--- Given records Enclosed Below ---

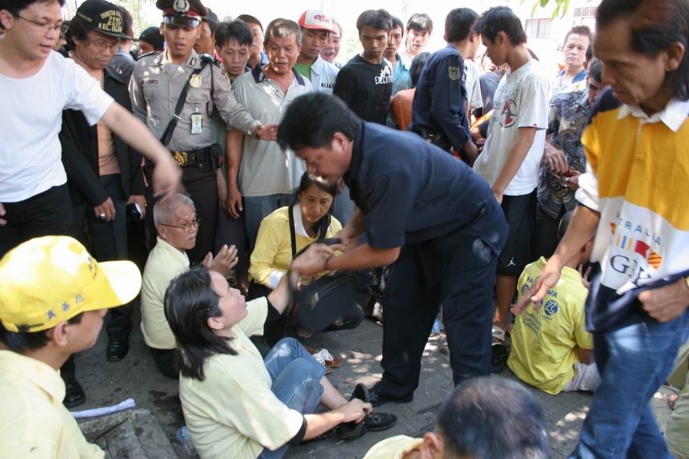 在雅加达唐人街对法轮功学员和平炼功、讲真相活动的骚扰和暴力攻击已经不是第一次了。从今年四月法轮功学员在唐人街开始揭露中共活盗器官黑幕以来,类似的骚扰事件已经数度发生,中共以谎言散布仇恨、并企图将迫害输出海外与此难脱干系。
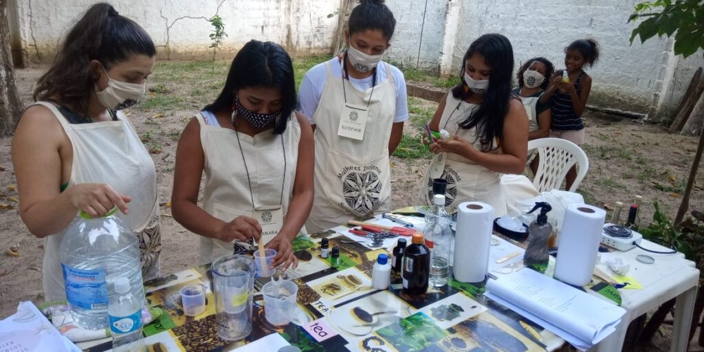 Vinte mulheres indígenas do Oeste do Pará estão aprendendo a transformar matéria prima oriunda de áreas de conservação ambiental em cosméticos artesanais e veganos no curso de ‘linha de autocuidado natural artesanal e vegana’. Durante cinco dias de imersão nas técnicas de extração e fabricação, estão aprendendo a produzir sabonetes, shampoos, extratos, óleos de massagem medicinal, desodorante, tônico facial e condicionador.
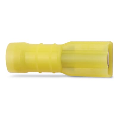 Nylon Fully Insulated Female Disconnect, Length 1.04 Inches, Width .38 Inches, Maximum Insulation .225, Tab Size .250X.032, Wire Range #12-#10 Awg, Color Yellow, Brass, Tin Plated
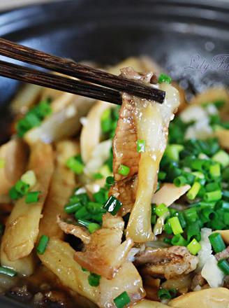 花腩切薄片放盐和五香粉抓匀腌一会,茄子切条清水泡一会沥干; 鸡肉肠切片,葱切花,蒜剁碎,辅料里的所有材料混合调匀成酱汁; 砂煲烧热后先倒点油打底; 倒入花腩翻炒;
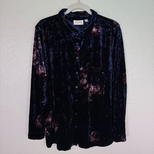 Belle by Kim Gravel Top Damen XL Samt dunkel geblümt stimmungsvolle Tunika Bluse blau
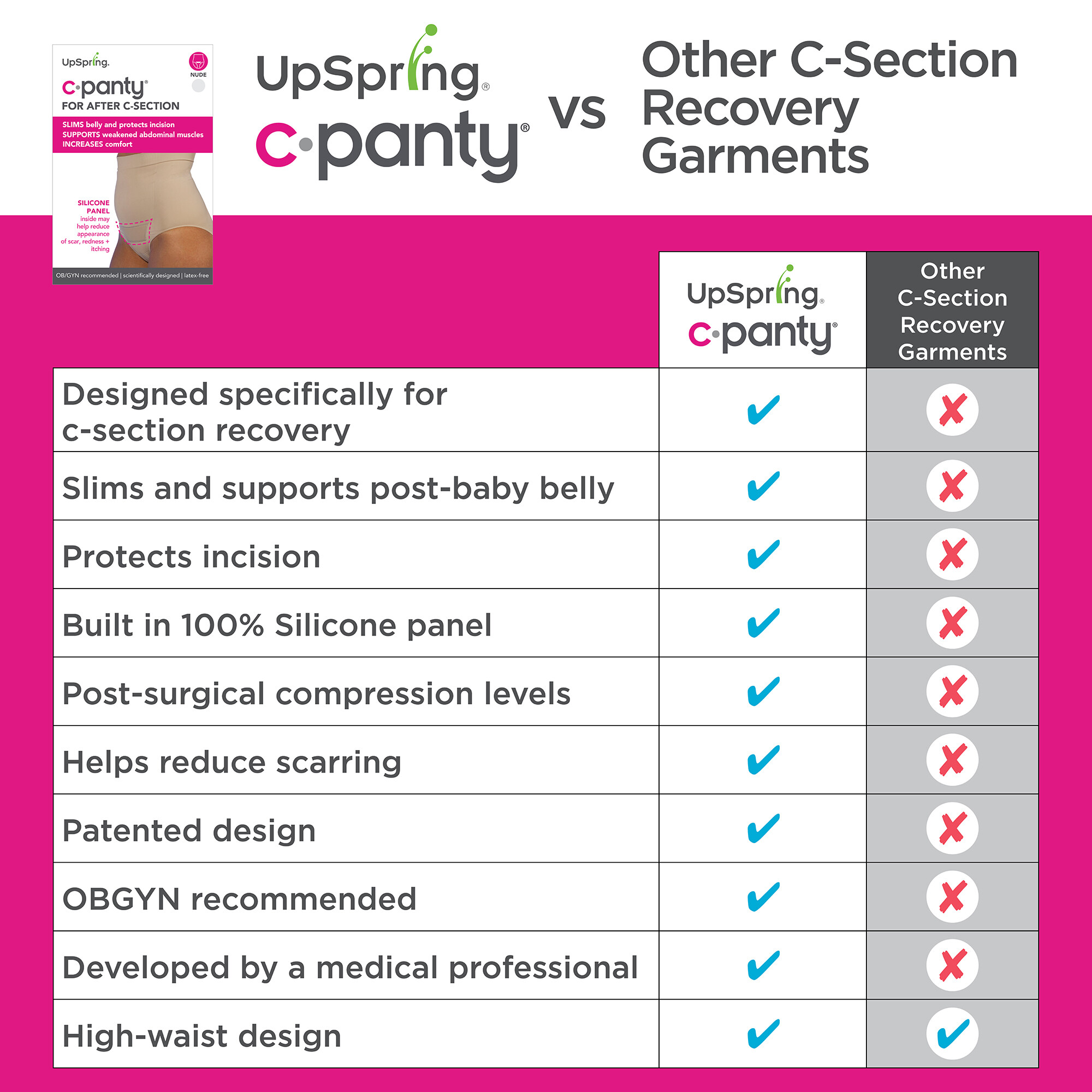 C-Panty is the ONLY panty with Medical Grade Silicone AND Comfortable Compression to add women in c-section recovery.
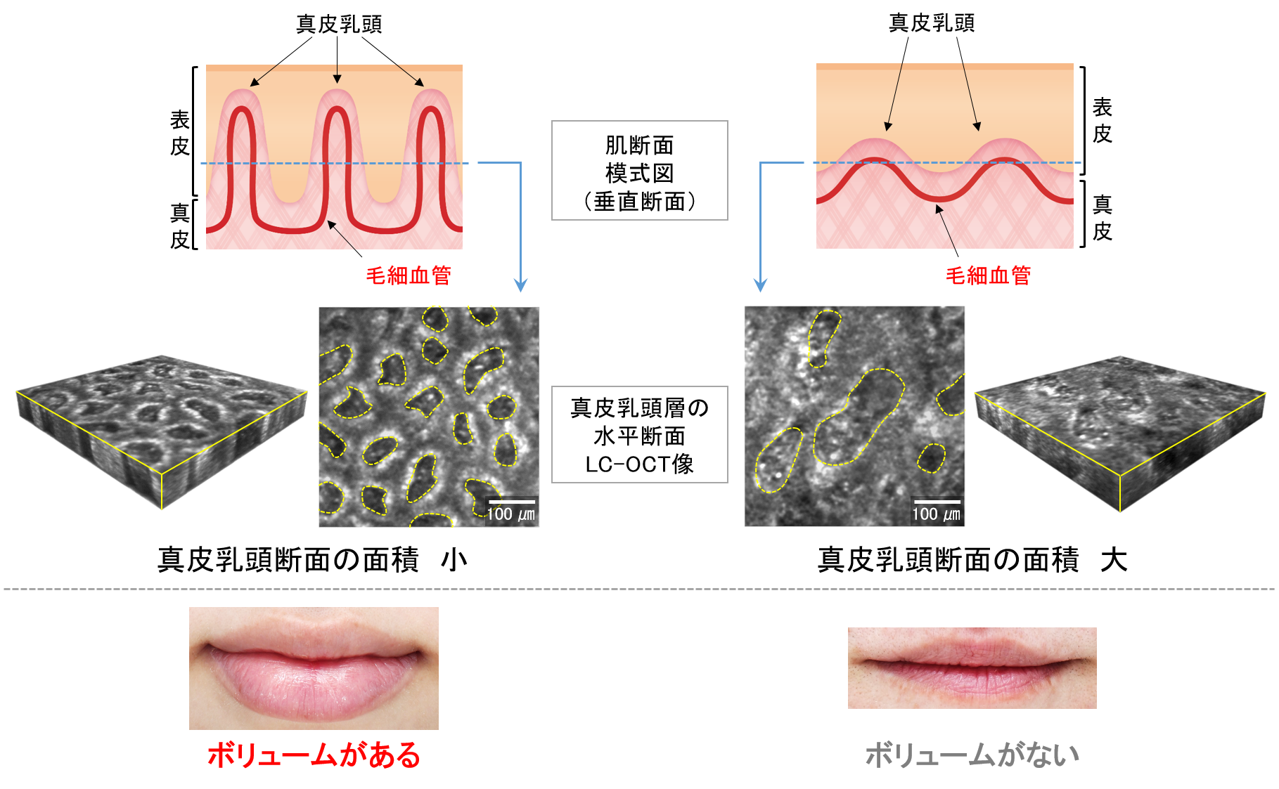 唇のボリュームと関連のある生体因子を調査するため、肌を傷つけずに内部構造を観察できるLC-OCT※2顕微鏡を用いて観察を行いました。その結果、表皮と真皮の境にある凹凸構造(真皮乳頭)の水平断面面積が小さいほど唇のボリュームがあることがわかりました(図5)。真皮乳頭には、酸素や栄養を運ぶ毛細血管が入り込んでいることが知られています。真皮乳頭断面の面積が小さい場合、血管がヘアピン状になって真皮乳頭の上部まで伸びていると考えられ、酸素と栄養が広く行き渡ることでヒアルロン酸などの基質が産生されやすくなり、ボリュームが増すと推測されました。

--- End of Enclosed Given records ---

#### What you need to do
An exact copy of the entries, minus the pictures, is what's needed here.

#### Finished task
 在雅加达唐人街对法轮功学员和平炼功、讲真相活动的骚扰和暴力攻击已经不是第一次了。从今年四月法轮功学员在唐人街开始揭露中共活盗器官黑幕以来,类似的骚扰事件已经数度发生,中共以谎言散布仇恨、并企图将迫害输出海外与此难脱干系。
 Vinte mulheres indígenas do Oeste do Pará estão aprendendo a transformar matéria prima oriunda de áreas de conservação ambiental em cosméticos artesanais e veganos no curso de ‘linha de autocuidado natural artesanal e vegana’. Durante cinco dias de imersão nas técnicas de extração e fabricação, estão aprendendo a produzir sabonetes, shampoos, extratos, óleos de massagem medicinal, desodorante, tônico facial e condicionador.
 Nylon Fully Insulated Female Disconnect, Length 1.04 Inches, Width .38 Inches, Maximum Insulation .225, Tab Size .250X.032, Wire Range #12-#10 Awg, Color Yellow, Brass, Tin Plated
 花腩切薄片放盐和五香粉抓匀腌一会,茄子切条清水泡一会沥干; 鸡肉肠切片,葱切花,蒜剁碎,辅料里的所有材料混合调匀成酱汁; 砂煲烧热后先倒点油打底; 倒入花腩翻炒;
 Belle by Kim Gravel Top Damen XL Samt dunkel geblümt stimmungsvolle Tunika Bluse blau
 C-Panty is the ONLY panty with Medical Grade Silicone AND Comfortable Compression to add women in c-section recovery.
 唇のボリュームと関連のある生体因子を調査するため、肌を傷つけずに内部構造を観察できるLC-OCT※2顕微鏡を用いて観察を行いました。その結果、表皮と真皮の境にある凹凸構造(真皮乳頭)の水平断面面積が小さいほど唇のボリュームがあることがわかりました(図5)。真皮乳頭には、酸素や栄養を運ぶ毛細血管が入り込んでいることが知られています。真皮乳頭断面の面積が小さい場合、血管がヘアピン状になって真皮乳頭の上部まで伸びていると考えられ、酸素と栄養が広く行き渡ることでヒアルロン酸などの基質が産生されやすくなり、ボリュームが増すと推測されました。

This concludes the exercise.